Antidumping actions proliferated during the 1990s. WTO rules allow countries to impose antidumping duties on foreign goods that are being sold cheaper than at home, or below their cost of production, when domestic producers can show that they are being harmed. Unfortunately, the rather vague definition of what constitutes “dumping” has proved to be a loophole that many countries are exploiting to pursue protectionism.
Between 1995 and mid-2011, WTO members had reported implementation of some 3,922 antidumping actions to the WTO. India initiated the largest number of antidumping actions, some 647; the EU initiated 428 over the same period, and the United States 452 (see Figure 7.2). Antidumping actions seem to be concentrated in certain sectors of the economy, such as basic metal industries (e.g., aluminum and steel), chemicals, plastics, and machinery and electrical equipment.28 These sectors account for approximately 70 percent of all antidumping actions reported to the WTO. Since 1995, these four sectors have been characterized by periods of intense competition and excess productive capacity, which have led to low prices and profits (or losses) for firms in those industries. It is not unreasonable, therefore, to hypothesize that the high level of antidumping actions in these industries represents an attempt by beleaguered manufacturers to use the political process in their nations to seek protection from foreign competitors, who they claim are engaging in unfair competition. While some of these claims may have merit, the process can become very politicized as representatives of businesses and their employees lobby government officials to “protect domestic jobs from unfair foreign competition,” and government officials, mindful of the need to get votes in future elections, oblige by pushing for antidumping actions. The WTO is clearly worried by the use of antidumping policies, suggesting that it reflects persistent protectionist tendencies and pushing members to strengthen the regulations governing the imposition of antidumping duties. To some extent, the WTO has been successful; as shown in Figure 7.2, antidumping actions peaked in the 1999–2001 time period and declined thereafter.
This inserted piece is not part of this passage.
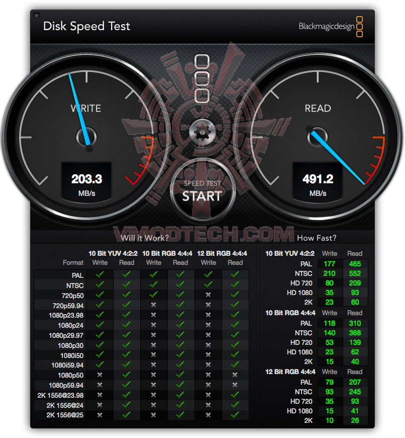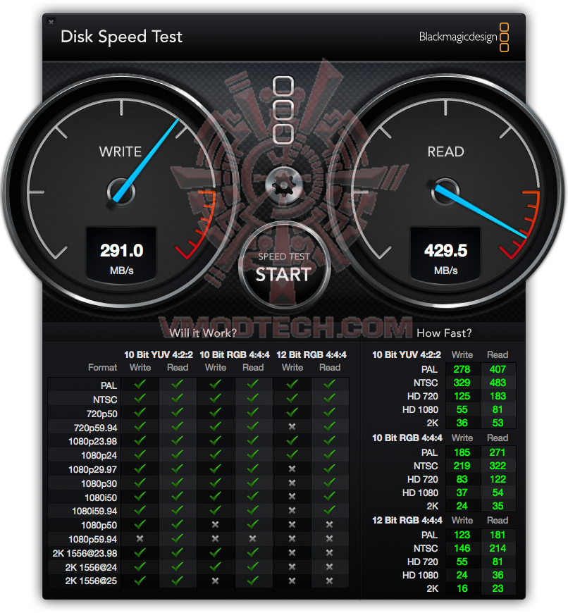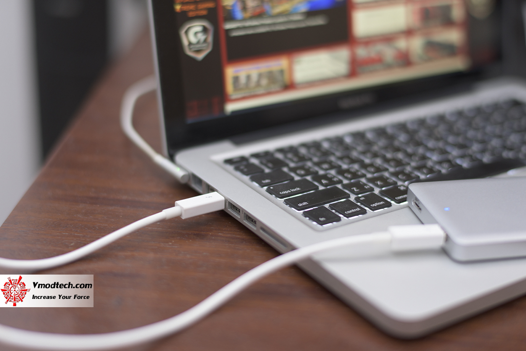 thunderboltผลการทดสอบด้วยโปรแกรม Black Magic นั้นเห็นได้ว่า ความเร็วในการอ่าน/เขียนนั้นจะอยู่ที่ประมาณ 384/291 เมกกะไบท์ต่อวินาที ด้วยการเชื่อมต่อแบบ Thunderbolt

FIGURE 7.2 Antidumping Actions
ANOTHER PERSPECTIVE Members Continue to Criticize Argentina’s Import Licensing
Import licenses are permits granted before a product is imported. The administrative procedures for obtaining the licenses should be simple, neutral, equitable, and transparent. Where possible they should be given automatically and quickly, and even if they are non-automatic they should not obstruct trade unnecessarily. Australia, Turkey, the EU, Norway, Thailand, the U.S., New Zealand, Costa Rica, Colombia, Peru, Chinese Taipei, Japan, Rep. Korea, Switzerland, and Canada said their producers and traders reported that their exports to Argentina have declined or been delayed by Argentina’s licensing processes and requirements, which some described as “protectionist.” Among the complaints, almost 600 products are now covered either explicitly or in practice by such licensing requirements, each requiring individual approval in order to be imported, non-automatic licenses are issued as part of a “trade-balancing” policy, on condition that the importer also exports or invests in local production, processing an application can take considerably longer than the 30–60 days maximums for non-automatic licensing, the licensing is more burdensome than necessary, and lastly that Argentina as a member of the G-20 group of leading economies is not living up to the group’s declarations against increasing protectionism.